创新研究
   
探究培育创造智慧的途径
 张开逊

  1088年,在意大利北部三条交通要道交汇处的一个小镇上,发生了一件当时并不引人注目的事情。一群来自欧洲各地的学生,为了寻求知识,组成了一个群体,他们自己出钱雇用教师,并且协商一致对付企图抬高租金的房东。这个小镇名为博洛尼亚,这个群体就是欧洲中世纪出现的第一所大学——博洛尼亚大学。从此,人类开始缔造制度化的高等教育体系,开始了通过大学探究知识、传承文明的伟大创造活动。
  在大学发展的早期,受到人类活动总体水平的制约,大学的学术水平不高。1348年,欧洲流行鼠疫,巴黎大学一篇关于鼠疫的论文认为,“1335年3月20日土星、木星、火星会合,是发生鼠疫的主要原因”。建议人们吃酸菜,佩带香料和护身符。近千年来,大学与人类文明演进历程交织在一起,互相影响、互相促进,大学的内涵不断丰富发展。许多深刻影响人类的思想,改变人类生存方式的技术,相继在大学产生,或者在众多受过大学熏陶的头脑中萌发。
  在中世纪欧洲大学诞生之初,人类的知识非常有限,如果把当时人类知识总量比作庭院之中的一泓碧水,今天,它们已成一片汪洋。斗转星移,人类的知识与日俱增,然而大学的学制却变化不大。在有限的几年中使学生从总体上把握人类的知识,变得越来越困难。迅速增长的知识与渴望知识的学生,是大学诞生的直接原因,也是大学永远面临的挑战。
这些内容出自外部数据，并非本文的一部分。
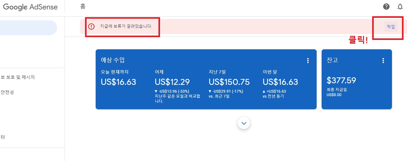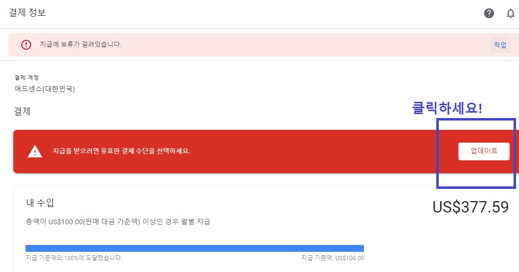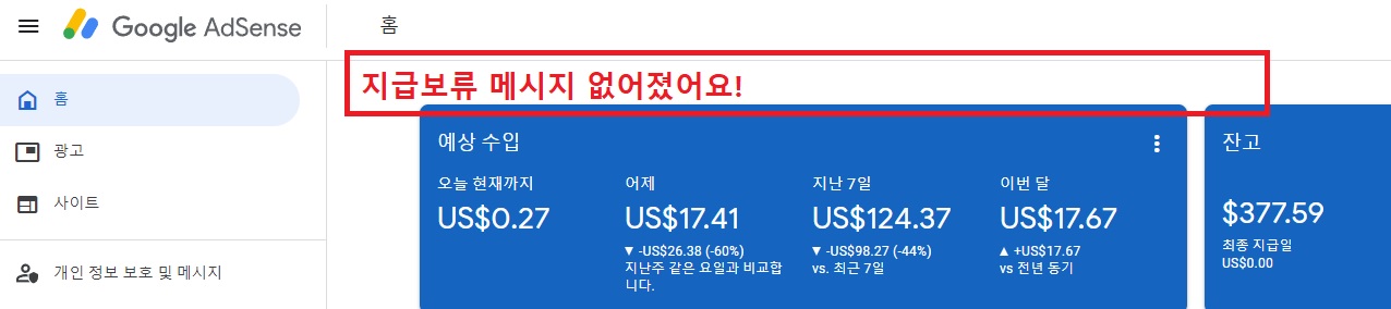 잔고가 377달러가 있음에도 계좌등록을 안해줬기 때문에 지급에 보류가 걸려서 애드센스 수익이 입금되지 않고 있었던 거예요.

  大学为了应对这种变化,不断对知识删繁就简,不知不觉中课程远离了知识的本来面貌,隐去了人类探究知识的过程,略去了知识与人类活动的联系,课堂上讲授的知识逐渐变成由枯燥概念构成的抽象逻辑体系,大学希望通过抽象的概念使学生获得人类的实际经验。为了教学的方便,课程将原本相互联系的知识体系强行分割成不相干的独立学科,使知识真实的网状结构被强制塑造成独立发展的树状结构。受过专业训练的学生走出校门之后发现,真实的世界与他们所学的很不一样。
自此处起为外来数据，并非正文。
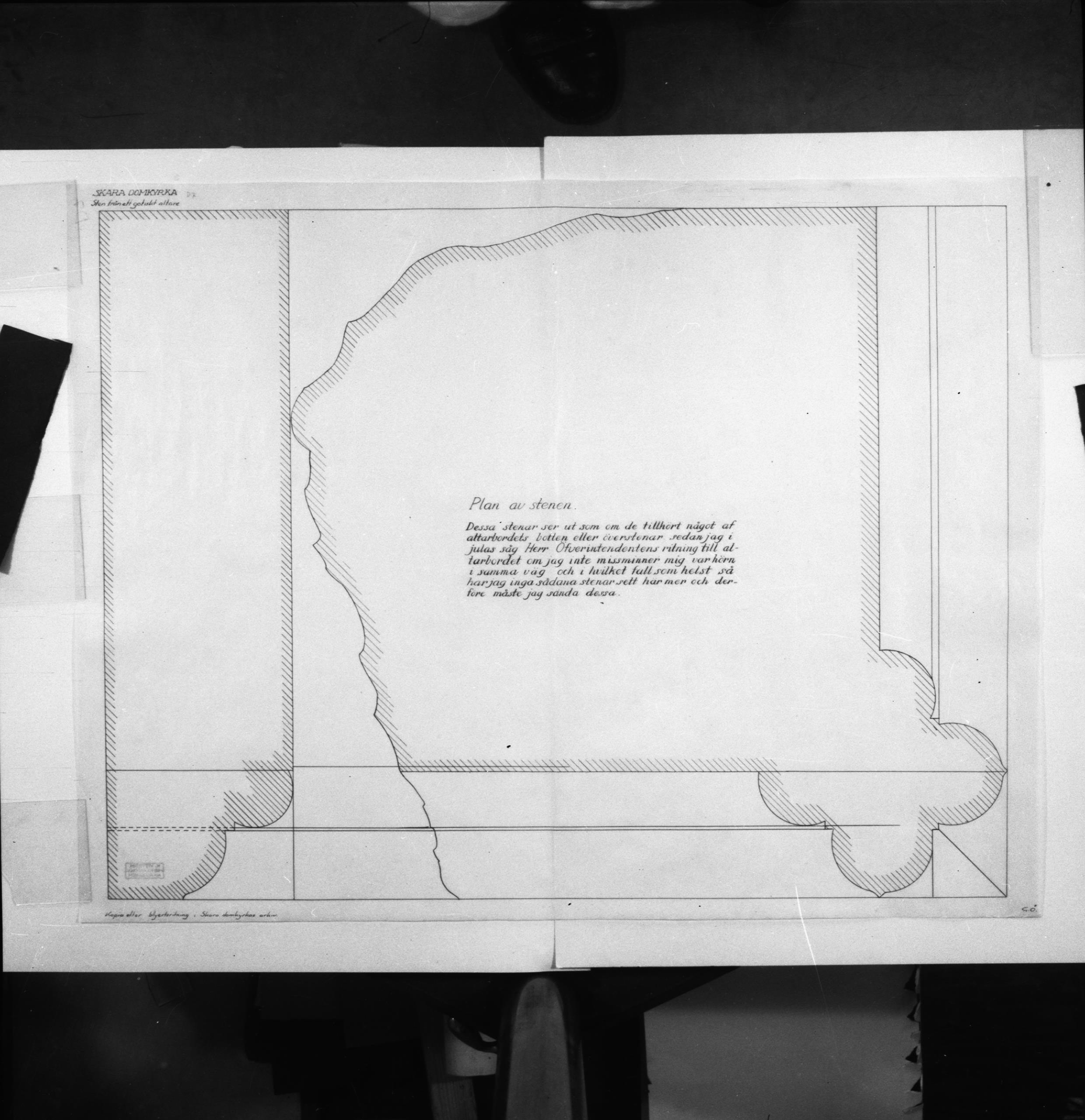Beskrivning: Sten från gotiskt altare. Foto efter teckning.

  这种简单的办法可以使学生在有限的时间涉猎许多知识的结论,然而难以理解知识的真谛,不容易引发对未来丰富的联想。这种历经千年的变化,使生动鲜活的创造内涵渐渐淡出大学教育,博学的教授,勤奋的学子,知识越来越丰富,却对创造越来越陌生。建立在这种理念基础之上的教学活动,使得全世界的大学都已经不同程度地面临很难培育学生创造力的困境。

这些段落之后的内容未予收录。